In a tweet sent out by SpaceIL, the group revealed that it’s not targeting the Moon for its next attempt, despite saying so in the wake of its previous try. It’s strange, but things became even more bizarre when the company released a statement on its decision.

As the Associated Press reports, the company’s statement not only hails its crash landing on the Moon as “an exceptional success” but goes on to call a second Moon landing attempt “not enough of a challenge.”

Okay, let’s take a step back here.

SpaceIL’s Beresheet spacecraft broke a number of records during its journey. The scientists behind the mission did an incredible job and managed to send the lander to the Moon at a bare minimum of expense while pioneering new techniques along the way. That’s all fantastic, and the team should be commended.

But Beresheet was a lunar lander, and it never landed. It crashed. An errant “manual command” is said to have caused the spacecraft to shut down at the worst possible moment, and by the time it was fired back up it was already too close to the lunar surface and moving too fast to prevent a collision. It didn’t accomplish its ultimate goal, no matter how you frame it.

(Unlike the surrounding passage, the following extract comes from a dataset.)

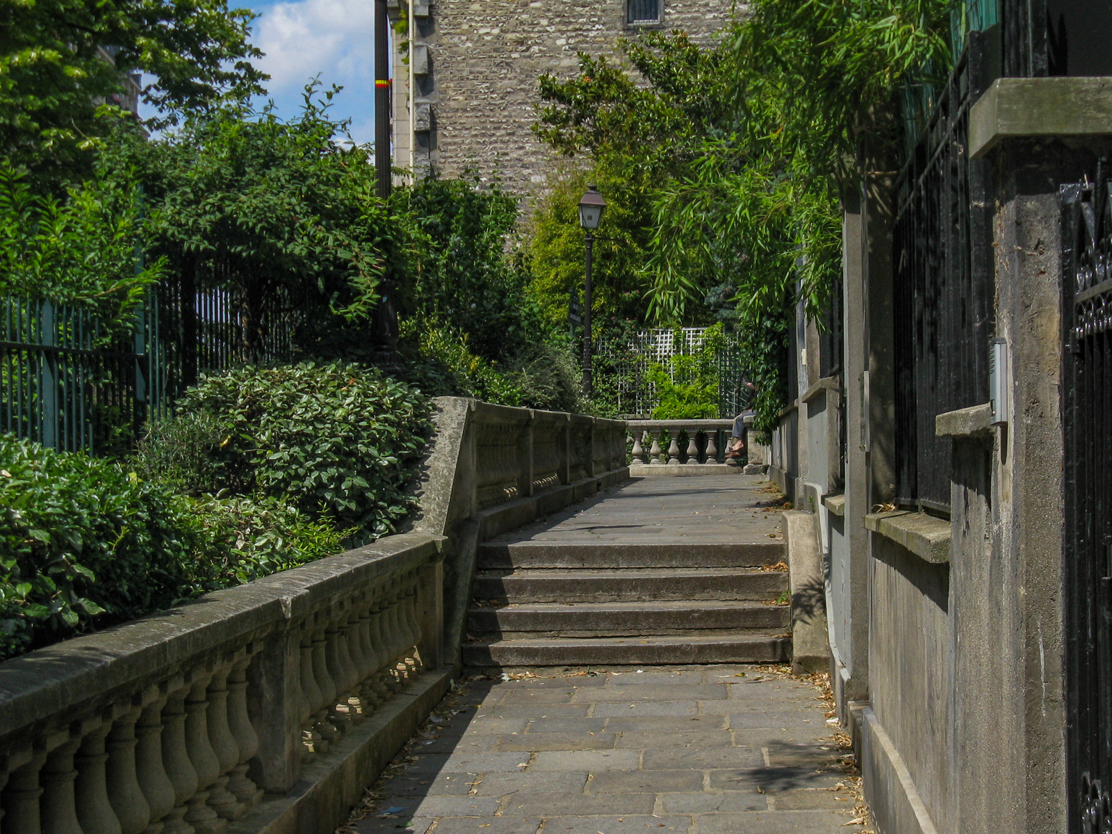 Impasse Calmels à gauche. Rue Calmels à droite (Villas). Prendre la Rue Montcalm à droite puis entrer vers la gauche dans le Square Serpollet. Ressortir en face par la Rue Marcadet et la prendre sur la gauche. Prendre à droite la Rue de la fontaine au But. Au bout de la rue, prendre les escaliers qui menent à la Rue Caulaincourt.
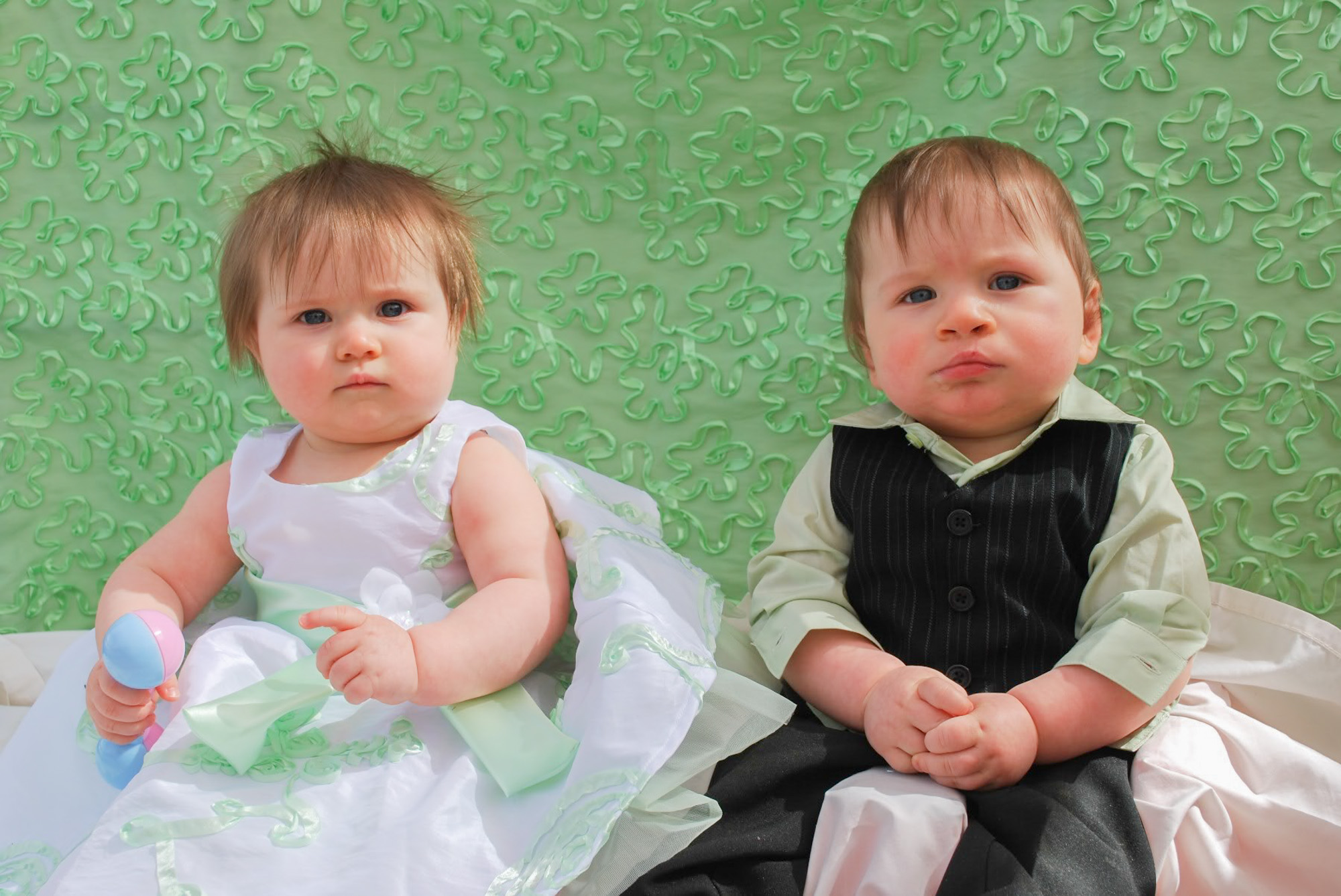 I got the kids ready in their Easter clothes and put them in their crib to keep them from crawling away.

The group hasn’t offered any concrete information on what it actually plans to do next now that it has canceled its Moon plans, but it’s more than a little silly to suggest that returning to the Moon would somehow be so easy that it’s not worthy of SpaceIL’s time. Saying so is foolish, and it’s a bit of a slap in the face to other scientists and engineers who not only sent spacecraft to the Moon, but actually landed them.

In any case, SpaceIL has kind of dug itself into a hole here, and whatever it chooses to do next better be truly incredible, lest the group look even more silly than it already does.